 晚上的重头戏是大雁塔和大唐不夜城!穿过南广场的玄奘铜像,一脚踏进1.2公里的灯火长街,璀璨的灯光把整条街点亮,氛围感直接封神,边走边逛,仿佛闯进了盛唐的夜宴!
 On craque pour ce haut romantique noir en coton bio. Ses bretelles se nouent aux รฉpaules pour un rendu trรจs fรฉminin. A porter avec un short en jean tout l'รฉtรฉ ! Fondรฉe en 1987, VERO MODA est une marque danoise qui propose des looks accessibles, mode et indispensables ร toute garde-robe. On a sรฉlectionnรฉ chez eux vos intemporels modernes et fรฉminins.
----
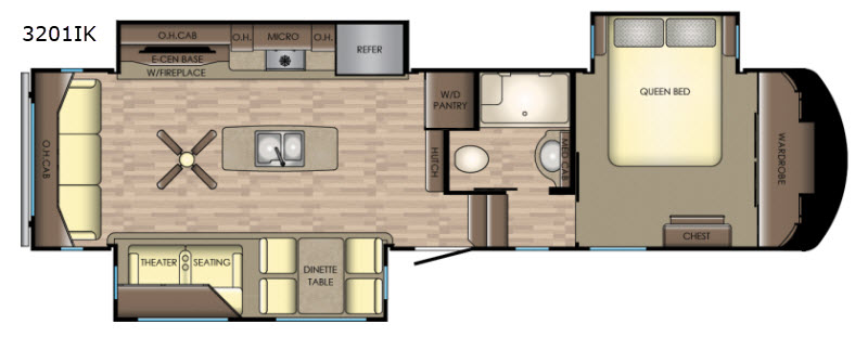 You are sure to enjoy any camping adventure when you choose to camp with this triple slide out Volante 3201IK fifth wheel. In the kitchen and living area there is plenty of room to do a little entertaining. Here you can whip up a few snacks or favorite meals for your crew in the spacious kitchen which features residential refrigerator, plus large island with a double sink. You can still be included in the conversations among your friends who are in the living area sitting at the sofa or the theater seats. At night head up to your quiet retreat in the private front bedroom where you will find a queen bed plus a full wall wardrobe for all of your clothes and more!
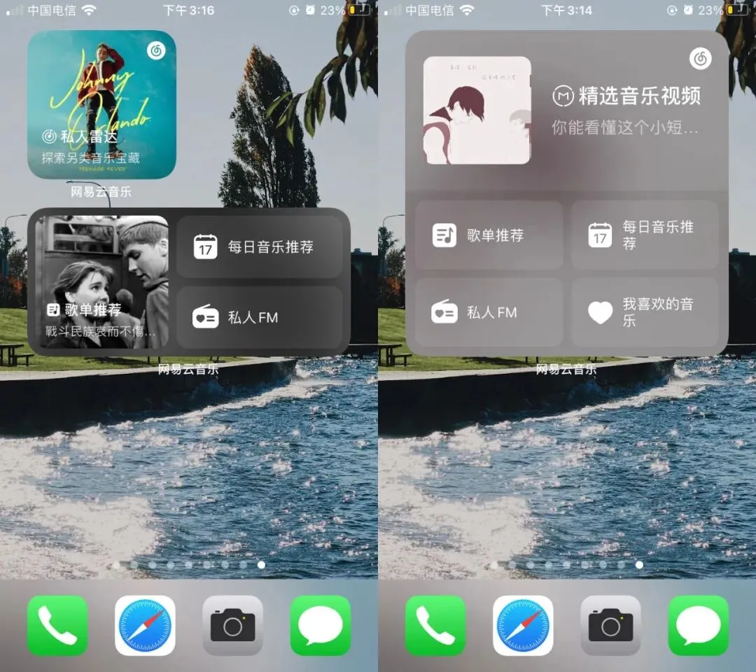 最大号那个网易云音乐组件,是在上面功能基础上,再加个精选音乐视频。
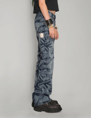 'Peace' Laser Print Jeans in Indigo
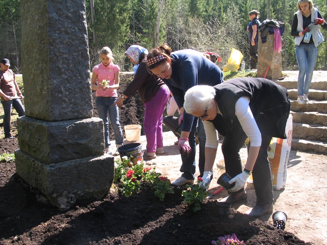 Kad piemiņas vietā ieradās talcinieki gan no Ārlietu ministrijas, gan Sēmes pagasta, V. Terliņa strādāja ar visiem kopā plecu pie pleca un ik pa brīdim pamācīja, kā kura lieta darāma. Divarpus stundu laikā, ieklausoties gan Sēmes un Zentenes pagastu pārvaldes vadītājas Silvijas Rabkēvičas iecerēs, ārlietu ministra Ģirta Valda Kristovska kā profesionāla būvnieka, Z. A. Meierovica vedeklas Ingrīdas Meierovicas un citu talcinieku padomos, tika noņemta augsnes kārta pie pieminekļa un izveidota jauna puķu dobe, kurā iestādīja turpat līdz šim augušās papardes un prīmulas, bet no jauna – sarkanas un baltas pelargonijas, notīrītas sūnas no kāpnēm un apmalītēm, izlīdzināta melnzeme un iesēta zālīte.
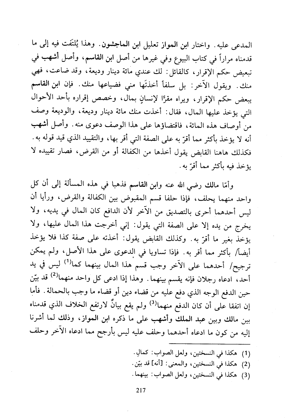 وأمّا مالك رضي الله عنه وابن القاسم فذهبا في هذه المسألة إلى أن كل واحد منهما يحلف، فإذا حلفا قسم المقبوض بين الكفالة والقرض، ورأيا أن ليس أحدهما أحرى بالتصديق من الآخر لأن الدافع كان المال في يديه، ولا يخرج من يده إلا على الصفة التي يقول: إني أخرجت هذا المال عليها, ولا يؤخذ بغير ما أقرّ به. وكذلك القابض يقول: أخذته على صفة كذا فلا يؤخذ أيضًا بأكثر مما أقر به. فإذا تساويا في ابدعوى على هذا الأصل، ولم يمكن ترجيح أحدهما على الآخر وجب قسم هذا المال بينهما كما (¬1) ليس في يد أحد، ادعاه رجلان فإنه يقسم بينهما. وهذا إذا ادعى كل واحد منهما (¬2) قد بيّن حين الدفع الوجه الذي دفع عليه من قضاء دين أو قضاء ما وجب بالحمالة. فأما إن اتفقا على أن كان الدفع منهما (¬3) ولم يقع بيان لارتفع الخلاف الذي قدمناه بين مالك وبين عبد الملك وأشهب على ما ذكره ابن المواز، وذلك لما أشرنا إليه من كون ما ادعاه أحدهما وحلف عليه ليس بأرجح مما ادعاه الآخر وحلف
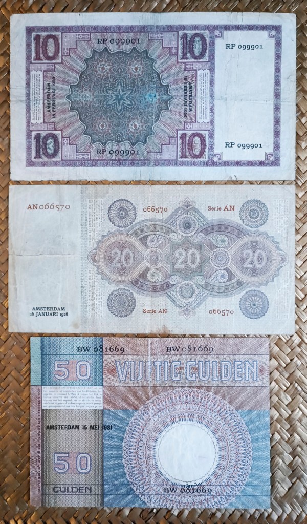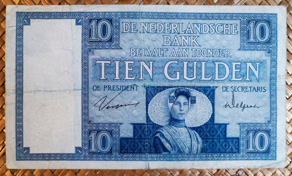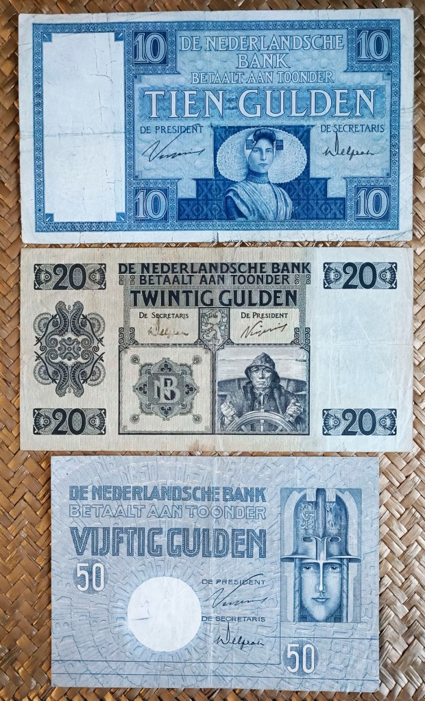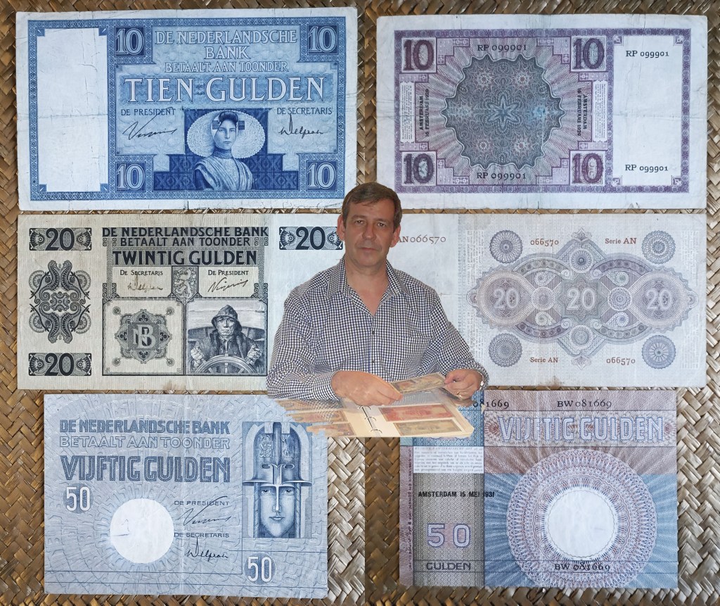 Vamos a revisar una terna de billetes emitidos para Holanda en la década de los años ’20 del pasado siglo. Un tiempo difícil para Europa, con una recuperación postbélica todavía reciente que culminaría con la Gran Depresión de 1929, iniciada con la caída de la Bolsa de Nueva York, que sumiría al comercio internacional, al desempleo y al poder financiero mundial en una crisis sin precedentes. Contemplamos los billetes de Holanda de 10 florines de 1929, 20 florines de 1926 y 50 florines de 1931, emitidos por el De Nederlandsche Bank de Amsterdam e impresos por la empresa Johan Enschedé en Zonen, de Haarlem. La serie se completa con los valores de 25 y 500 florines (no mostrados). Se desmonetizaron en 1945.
----
ABOUT THIS EXERCISE. The copy should hold only the lines from the one with "Jeans in Indigo" through the one with "وأمّا مالك رضي", exactly as they stand above. Leave out the pictures.

OUTPUT OF THE TASK.
 'Peace' Laser Print Jeans in Indigo
 Kad piemiņas vietā ieradās talcinieki gan no Ārlietu ministrijas, gan Sēmes pagasta, V. Terliņa strādāja ar visiem kopā plecu pie pleca un ik pa brīdim pamācīja, kā kura lieta darāma. Divarpus stundu laikā, ieklausoties gan Sēmes un Zentenes pagastu pārvaldes vadītājas Silvijas Rabkēvičas iecerēs, ārlietu ministra Ģirta Valda Kristovska kā profesionāla būvnieka, Z. A. Meierovica vedeklas Ingrīdas Meierovicas un citu talcinieku padomos, tika noņemta augsnes kārta pie pieminekļa un izveidota jauna puķu dobe, kurā iestādīja turpat līdz šim augušās papardes un prīmulas, bet no jauna – sarkanas un baltas pelargonijas, notīrītas sūnas no kāpnēm un apmalītēm, izlīdzināta melnzeme un iesēta zālīte.
 وأمّا مالك رضي الله عنه وابن القاسم فذهبا في هذه المسألة إلى أن كل واحد منهما يحلف، فإذا حلفا قسم المقبوض بين الكفالة والقرض، ورأيا أن ليس أحدهما أحرى بالتصديق من الآخر لأن الدافع كان المال في يديه، ولا يخرج من يده إلا على الصفة التي يقول: إني أخرجت هذا المال عليها, ولا يؤخذ بغير ما أقرّ به. وكذلك القابض يقول: أخذته على صفة كذا فلا يؤخذ أيضًا بأكثر مما أقر به. فإذا تساويا في ابدعوى على هذا الأصل، ولم يمكن ترجيح أحدهما على الآخر وجب قسم هذا المال بينهما كما (¬1) ليس في يد أحد، ادعاه رجلان فإنه يقسم بينهما. وهذا إذا ادعى كل واحد منهما (¬2) قد بيّن حين الدفع الوجه الذي دفع عليه من قضاء دين أو قضاء ما وجب بالحمالة. فأما إن اتفقا على أن كان الدفع منهما (¬3) ولم يقع بيان لارتفع الخلاف الذي قدمناه بين مالك وبين عبد الملك وأشهب على ما ذكره ابن المواز، وذلك لما أشرنا إليه من كون ما ادعاه أحدهما وحلف عليه ليس بأرجح مما ادعاه الآخر وحلف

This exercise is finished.